Would Colton Calloway from Jasinda Wilder's Falling Into You be considered a broken boy?
Elisa Nader
12. ElisaNader
@Kareni totally! His brother died! *adding to list* And I think you'll like Sea of Tranquility and Easy - give those a try!
Mo
13. Katelyn Broad
What a great list of awesome (broken) guys!
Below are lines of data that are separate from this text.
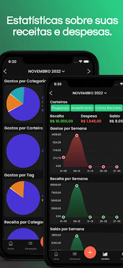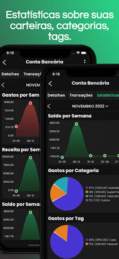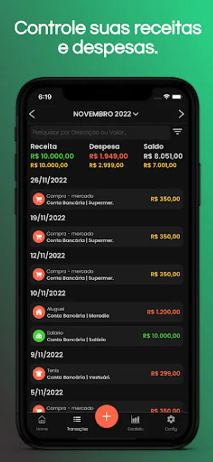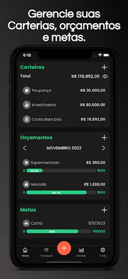 In the app, you can control your expenses and earnings, separate your money into portfolios, create budgets for categories, create financial goals, create expense/income categories and much more...
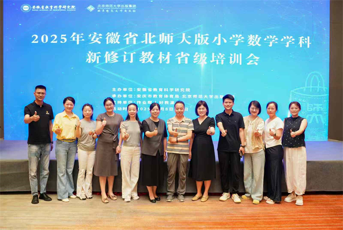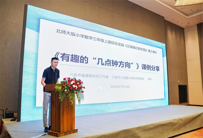 7月8日至10日,2025年安徽省北师大版小学数学新修订教材省级培训会在安庆市隆重举行。本次培训由安徽省教科院、北师大出版集团联合主办,来自全省各地的教研专家和骨干教师参加了此次培训。来自我区的六安市人民路小学安丰路校区晁中校长 (六安市崔曼曼名师工作室核心成员) 代表六安市在省级新教材培训中精彩展示创新课例。
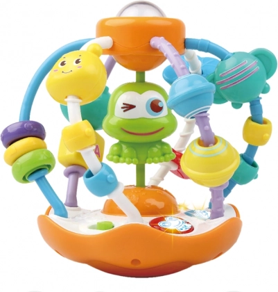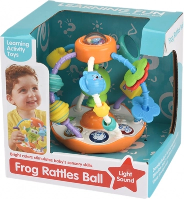 Cette balle interactive colorée est un excellent outil pour le développement global des tout-petits. Grâce à ses formes, couleurs, sons et lumières, elle stimule la vue, l’ouïe et le toucher, et développe naturellement la pensée logique. Au centre se cache une joyeuse grenouille qui se balance de haut en bas lorsqu’on secoue la balle, et au sommet vous trouverez une petite bille rotative pour encore plus de découvertes.
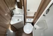 Opposite the kitchen is the bathroom which is spacious and stylishly designed. You have the benefit of a separate shower with screen doors so your bathroom doesn't get soaked like many other motorhomes. You also have a wash basin and a mixer tap, a large mirror and a bathroom cabinet to store your toiletries. And for those cold winter mornings there is even a radiator to keep you warm as toast.
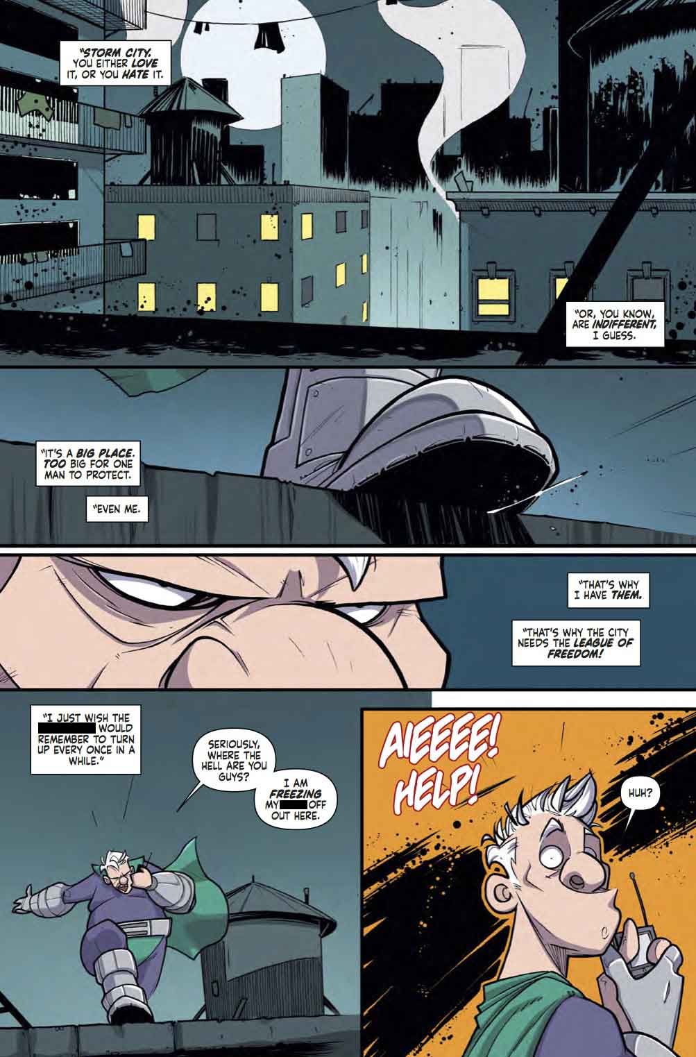 Here they come, the world's most useless, inept and dysfunctional superhero team ev-ver! Collected here in one volume are the first 2 full adventures of the League of Freedom both written by Barry Hutchison, one of the writers of the show. Featuring two riotously funny, violently profanity-filled adventures that give crime fighting a bad name!
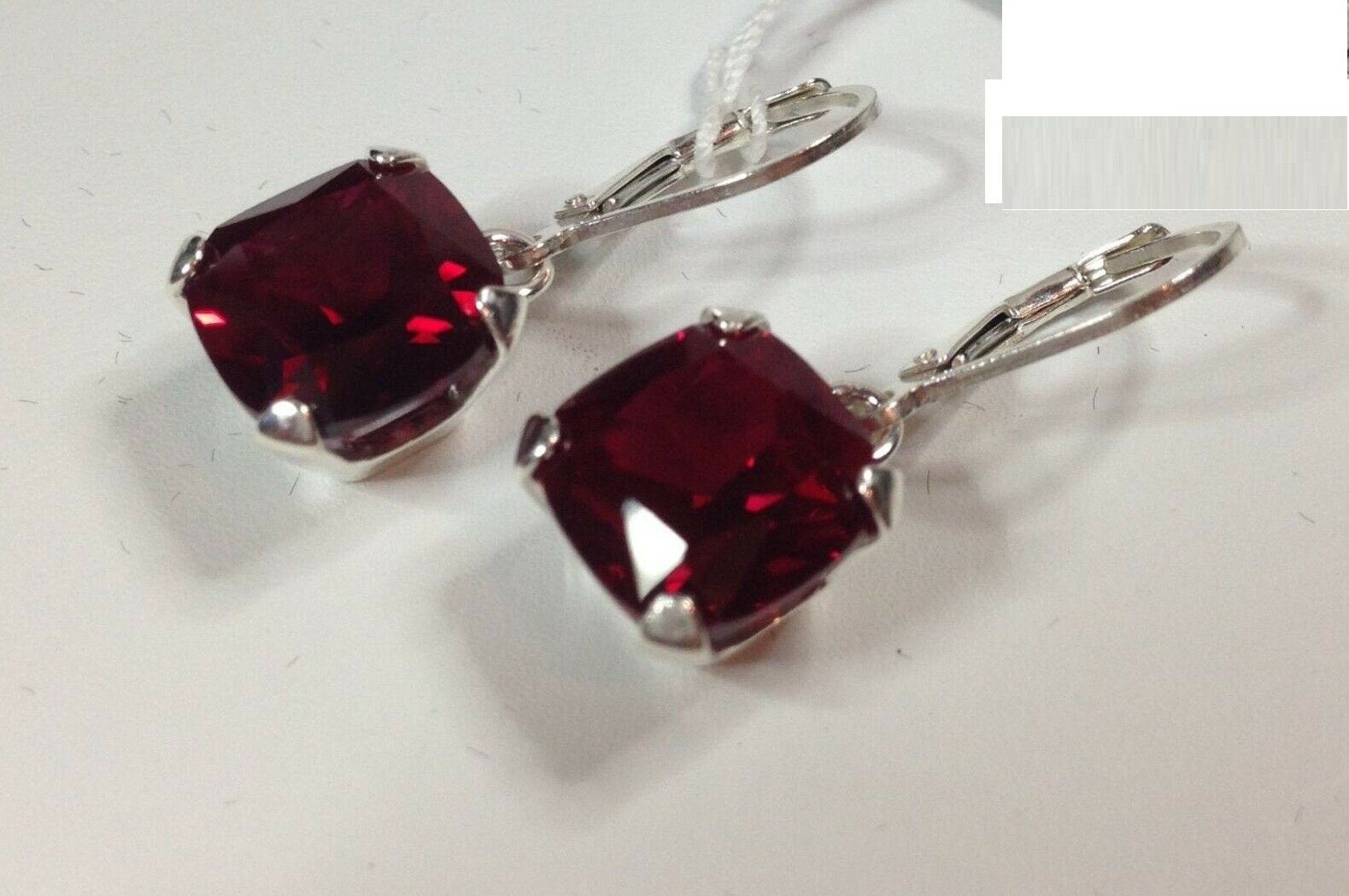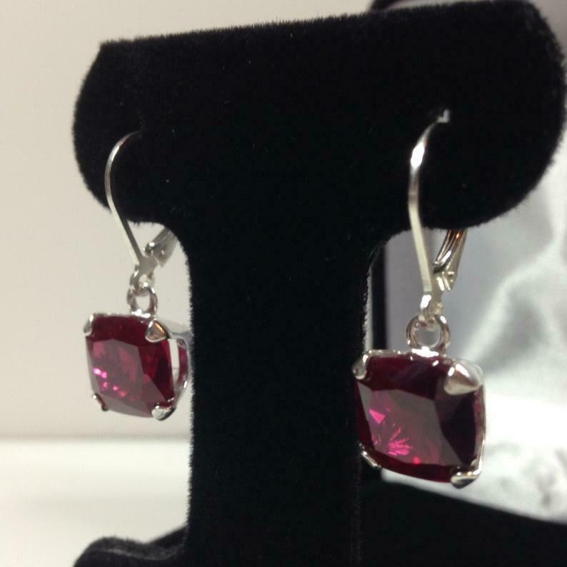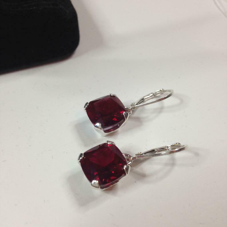 2ct Dangle Earrings Cushion Cut Ruby Solitaire Leverback 14k White Gold Finish
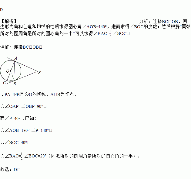 如图,PA、PB是⊙O的切线,A、B是切点,AC是⊙O的直径,∠P=40°,则∠BAC的大小是( )
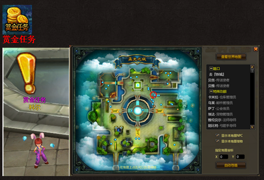 每日玩家可以在主城NPC科尔处领取赏金任务,赏金任务为玩家提供大量的银币,获取银币数量随着等级提高而提高,活动内容为消灭指定的怪物150只,任务随机产生,要求杀死怪物是与玩家等级段相符合的怪物,每天可完成2次。
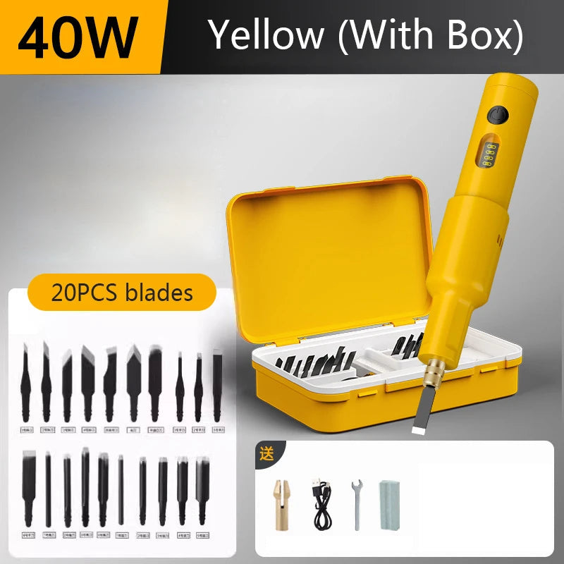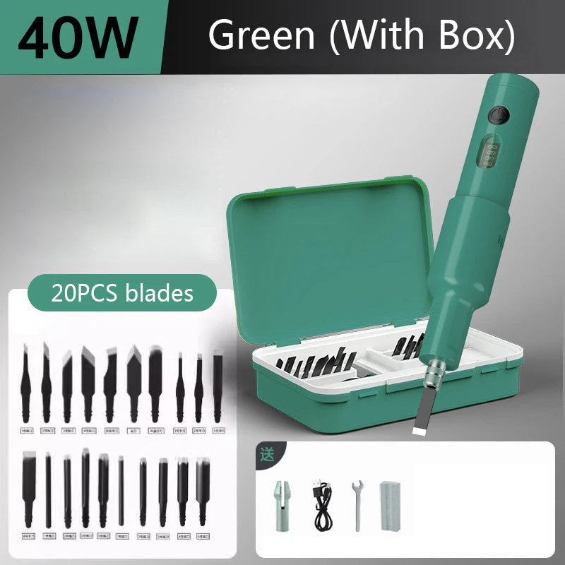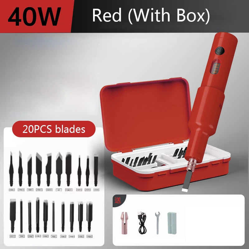 Il Set di Coltelli da Intaglio Elettrico da 40W è progettato per l'intaglio di precisione in mobili e lavori in legno, offrendo sia potenza che versatilità con le sue 20 lame incluse. Ideale per falegnameria, scultura e intaglio di radici.
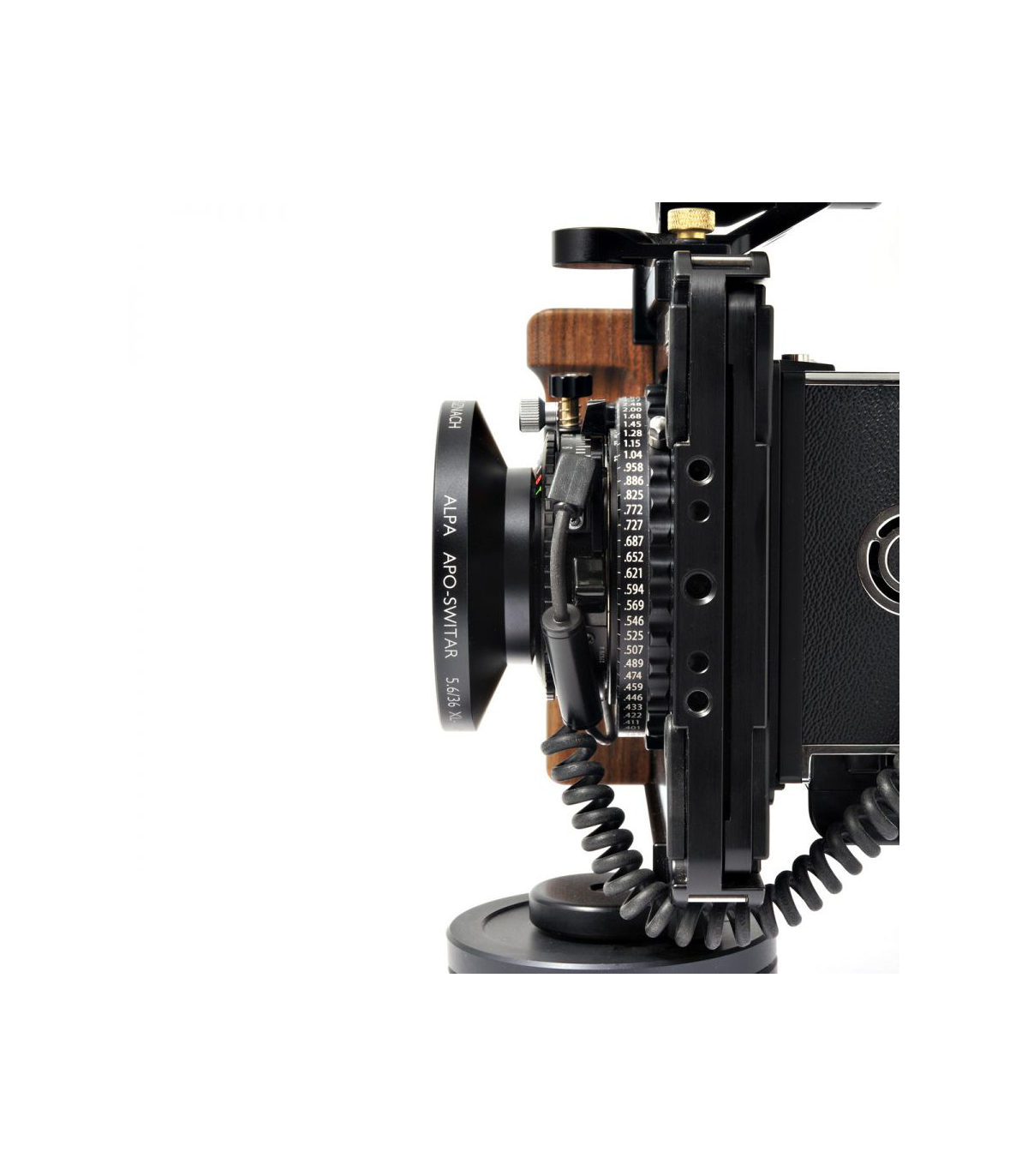 دوربین آلپا STC (دوربین کوچک سفر با قابلیت شیفت) بنا بر استانداردهای دوربینی بسیار کوچک و سبک با قابلیت کنترل پرسپکتیو (شیفت) ساخته شده است.تمام بکهای دیجیتال موجود در بازار را میتوان با استفاده از مبدلهای مناسب بر روی این دوربین به کار گرفت و افرادی که تمایلات سنتیتری دارند، میتوانند از بکهای فیلم رول تا اندازه ۹x۶ سانتیمتر استفاده کنند که امکان عکاسی بدون نیاز به الکتریسیته را فراهم میآورد.

I would add Chris from Left Drowning, Andrew from Edge of Never, Vince from Fate, Day from Legend, and Sawyer from Vincent Boys.
Elisa Nader
14. ElisaNader
@KatelynBroad - thanks! You know, I was going to include Chris from Left Drowning! I have a soft spot in my heart for Flat Finn :) I'll check out Andrew & Vince. And I know Sawyer - he should have been on this list!
denise smith
15. denise226
would love to read this one sounds so good denise226@verizon.net
Jennifer Cunha
16. Mrs.JennAnn
sounds interesting! I would love to read this (mrs.jcunha@gmail.com)
Angela Born
17. weresanctuary
I really want to read this book. I haven't been so excited about a book in some time.